Ах, епископ города Бовэ, как ты проклинаешь теперь свою жестокость и вероломство, пробыв столько лет в аду! Кто поможет тебе? Кто заступится за тебя? Лишь одна душа, среди душ, искупивших грехи свои, может пожалеть тебя и, протянув руку милосердия, извлечь тебя из геенны огненной – это душа благородной Жанны д'Арк! Быть может, она уже спасла тебя.
Но вернемся к процессу.
– Они давали тебе еще какие-нибудь обещания?
– Да, но этот вопрос не предусмотрен актом. Теперь я не могу этого сказать, но не пройдет и трех месяцев, как все станет известно.
Судья, по-видимому, знал то, о чем спрашивал; его выдал следующий вопрос:
– Сообщили ли тебе твои «голоса», что через три месяца ты будешь освобождена?
Жанна часто обнаруживала некоторое удивление при удачных догадках судей; она не скрыла своего удивления и на этот раз. Меня же приводило в ужас, что мой разум (который я не мог контролировать) критически относится к этим «голосам» и внушает мне: «Они тут как тут и советуют ей говорить смело, то есть делать то, что она сделала бы и без посторонней помощи, но когда следовало бы предостеречь ее, например, объяснить ей, как эти заговорщики умудряются так ловко проникать в ее дела, – их нет, они отсутствуют, оставляя ее одну». Я от природы богобоязнен, и когда такие мысли приходили мне в голову, я трепетал от страха, а когда случалась в ту пору гроза с громом и молнией, я чувствовал себя таким больным и разбитым, что с трудом мог принудить себя оставаться на месте и продолжать свою работу.
Жанна отвечала:
– Этого нет в обвинительном акте. Я не знаю, когда буду освобождена, но кое-кто из тех, кто желает, чтобы я покинула этот мир, сами уйдут из него раньше меня.
Это заставило некоторых судей вздрогнуть.
– Сказали тебе твои «голоса», что ты будешь освобождена из тюрьмы?
О, наверное они говорили, и судья хорошо это знал.
– Спросите меня об этом еще раз через три месяца, и тогда я отвечу вам точно.
Она умолкла, и лицо ее просветлело, озаренное счастьем – лицо измученной узницы! А я? А Ноэль Ренгессон, притаившийся там в углу? Да мы были просто захлестнуты волною радости, окатившей нас с ног до головы! Не знаю, как мы смогли усидеть и удержаться от роковой ошибки – неосторожным движением выразить свои чувства и выдать себя.

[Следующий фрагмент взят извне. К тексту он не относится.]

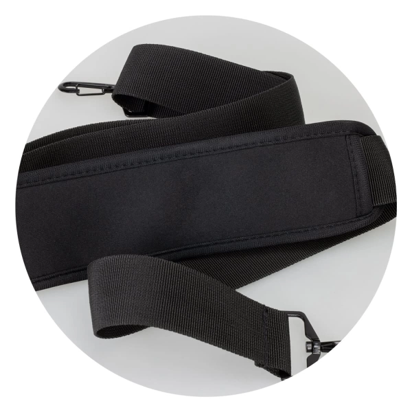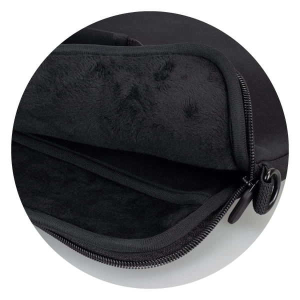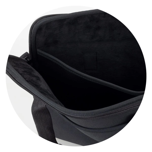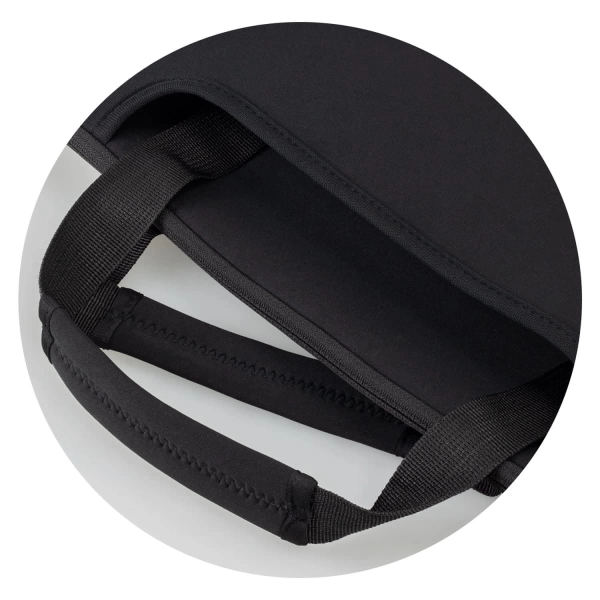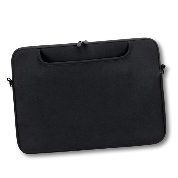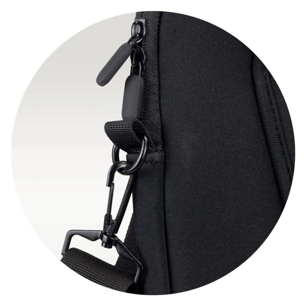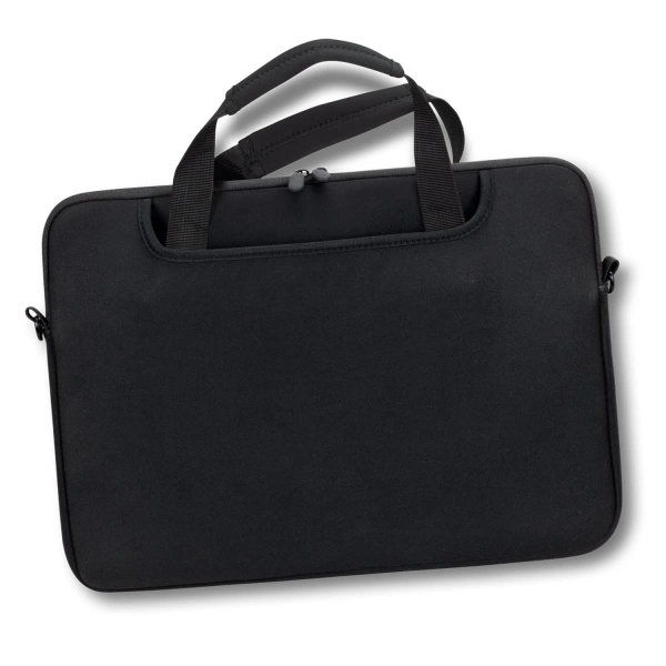 Secure neoprene laptop bag with stowaway carry handles and a removable shoulder strap, meaning the bag can also be used as a laptop carry sleeve. The bag features a plush lining for added cushioning and a pocket divider to accommodate devices of various sizes. Using neoprene in the bag's construction provides extra protection and water resistance.
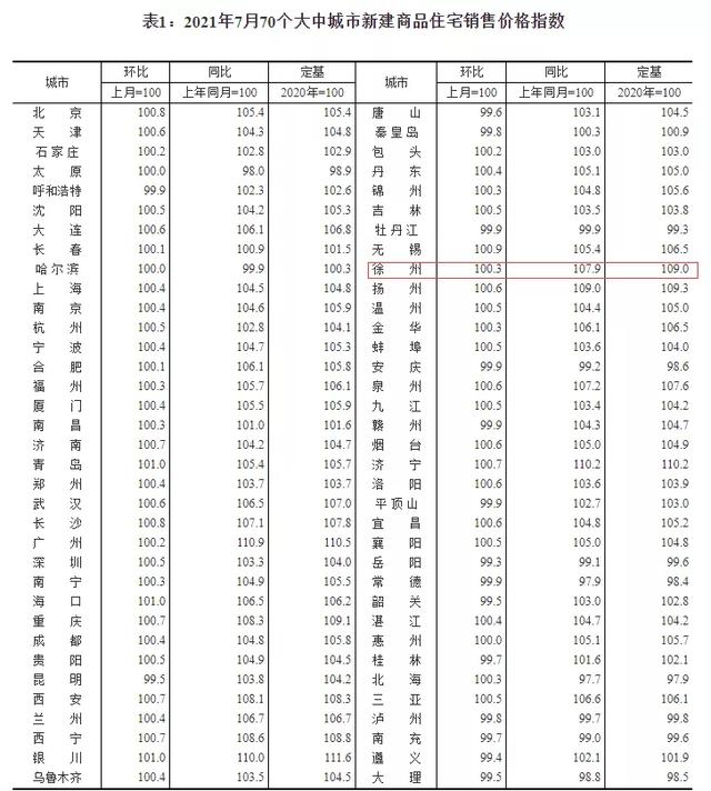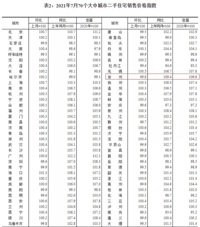 8月16日上午,国家统计局发布《2021年7月份70个大中城市商品住宅销售价格变动情况》,数据显示,徐州新建商品住宅价格普遍上涨,而与之对应的二手房价格略有下跌。

Через три месяца она выйдет на свободу. Таков был смысл ее слов; так мы ее и поняли. Так сказали ей «голоса», и сказали правду, даже сообщили день – 30 мая. Но теперь мы знаем, что они милосердно скрыли от нее, как именно она будет освобождена; и она пребывала в неведении. Вернется домой! – вот как мы с Ноэлем тогда поняли ее слова, об этом мы только и мечтали, и теперь мы готовы были считать дни, часы, минуты. Они пролетят быстро; не успеешь оглянуться – и все кончится. Мы на руках принесем домой наше божество, и там, вдали от суетного шумного света, заживем прежней счастливой жизнью, как некогда в детстве, – на свежем воздухе, согретые солнцем, в дружбе с кроткими овцами и добродушными людьми, в своем кругу, среди прелестных лугов, лесов и рек, в блаженном спокойствии. Да, об этом мы мечтали все эти три месяца, вплоть до страшной развязки, самая мысль о которой, мне кажется, убила бы нас, если б мы знали о ней раньше и если б нам пришлось хранить эту горькую тайну в своих сердцах хотя бы даже в течение половины тех тяжелых дней.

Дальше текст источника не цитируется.